Abbreviations: BARS: Brief Ataxia Rating Scale; SARA: Scale for the Assessment and Rating of Ataxia; FARS: Friedreich’s Ataxia Rating Scale

Table 2 describes medulla, pons, midbrain and SCP volume differences in LOGG and LOTS relative to controls. Raw mean volumes with standard deviations (not eTIV-normalized) are also reported for LOGG, LOTS, LOSD, and controls. When comparing LOGG patients (n = 10) to controls (n = 7), there was significant volume loss of the pons (12,785.06 ± 1,603.84 vs. 15,457.14 ± 2,748.41 mm3, p = 0.0069) and SCP (196.93 ± 31.20 vs. 293.57 ± 70.16 mm3, p = 0.0003) but not the midbrain or medulla. When comparing only the LOTS group (n = 7) to controls, there was significant volume loss in the pons (12,709.07 ± 1,954.83 vs. 15,457.14 ± 2,748.41 mm3, p = 0.0055) and SCP (196.88 ± 37.80 vs. 293.57 ± 70.16 mm3, p = 0.0023).

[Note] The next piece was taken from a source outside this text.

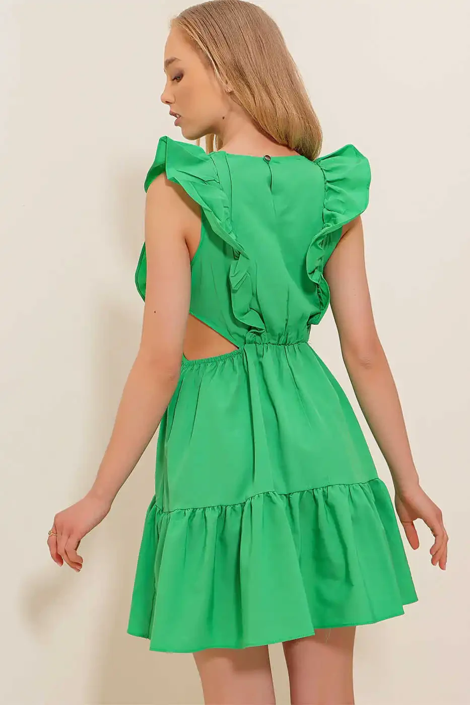 Станьте воплощением элегантности и комфорта в этом зеленом платье из поплина, которое сочетает в себе оба качества! Деталь выреза лодочкой, поясная линия декольте и воланы по бокам создают изящный силуэт, который сделает вас еще более чарующей. Это платье, которое вы можете выбрать для повседневных сочетаний или особых случаев, подойдет к любому стилю.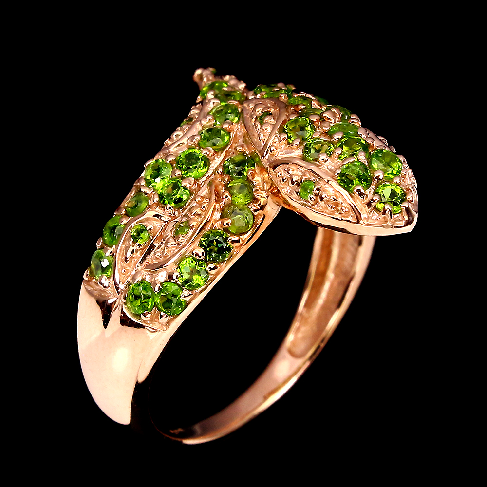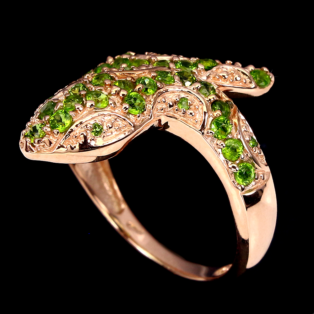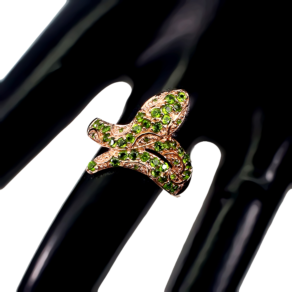Unheated Round Chrome Diopside Rose Gold Plate 925 Sterling Silver Cobra Ring 8

There were no significant associations between the SCP/pons volumes and clinical scales or disease duration.

Table 2.

Percent change, unadjusted p-values, and 95% confidence intervals for ANCOVA between-group comparisons using eTIV-normalized brainstem substructure data. 95% Confidence intervals are reported as fractions due to eTIV normalization. Raw mean volumes with standard deviations (not eTIV-normalized) for brainstem substructures are also reported. While p-values are unadjusted for false discovery rate, results account for multiple comparisons, with significant results highlighted in bold

Medulla Pons SCP Midbrain

% Change P Values 95% CI
 10 LOGG vs 7 Control 2.0% 0.7037 [−2.4, 3.6] × 10−4 −12.0% 0.0069* [−19.2, −4.0] × 10−4 −29.5% 0.0003* [−7.9, −3.0] × 10−5 3.0% 0.2814 [−1.0, 3.3] × 10−4
 7 LOTS vs 7 Control 4.4% 0.5568 [−2.2, 4.8] × 10−4 −14.5% 0.0055* [−22.4, −5.6] × 10−4 −31.4% 0.0023* [−8.8, −2.8] × 10−5 2.3% 0.4746 [−1.7, 3.5] × 10−4
Volume (mm3) mean ± SD
 LOGG (n = 10) (LOTS + LOSD) 4,426.26 ± 549.14 12,785.06 ± 1,603.84 196.93 ± 31.20 5,869.48 ± 499.59
 LOTS (n = 7) 4,615.16 ± 556.69 12,709.07 ± 1,954.83 196.88 ± 37.80 5,944.08 ± 578.87
 LOSD (n = 3) 3,985.52 ± 104.92 12,962.37 ± 208.16 197.04 ± 17.92 5,695.41 ± 230.11
 Control (n = 7) 4,638.04 ± 1,055.78 15,457.14 ± 2,748.41 293.57 ± 70.16 6,056.91 ± 799.17
*

Statistically significant after FDR Correction

Discussion

We found prominent pons and SCP atrophy in the 10 LOGG patients and 7 LOTS sub-cohort. SCP atrophy was similar in both sub-cohorts based on mean volumetric outputs. However, in the LOTS patients, the pontocerebellar atrophy profile was still dominated by the cerebellar atrophy (p = 7.38 × 10−6) previously reported [3] compared to the SCP (p = 0.0023), whereas cerebellar volume was relatively preserved in LOSD. The difference in the variance between the LOTS and LOSD brain volumes is likely related to the relative homogeneity of the LOSD population sampled (which had minimal atrophy), compared to a wide range of degree of atrophy in LOTS, thereby causing this larger variance.

Our findings broadly align with Májovská et al. (2022) [5], but are expanded to include LOSD. It is important to acknowledge methodological differences between these studies. Májovská et al. [5] utilized manual delineation, whereas we used automatic segmentations. In their larger sample size, they reported differences in SCP and pons volume between LOTS and controls. While they did not observe correlations between pontocerebellar atrophy and specific clinical features (they did not use clinical rating scale scores) or duration [5], we previously showed correlations between the degree of cerebellar atrophy and clinical ataxia severity [3]. Our scoping review also notes that cerebellar atrophy can be present in LOTS, even in the absence of ataxia [2]. In contrast, while brain imaging was frequently normal in LOSD, when cerebellar atrophy was present, it was more likely than LOTS to be associated with ataxia [2]. Furthermore, it was noted that the degree of brainstem and SCP atrophy did not correlate with clinical ataxia severity or other clinical measures.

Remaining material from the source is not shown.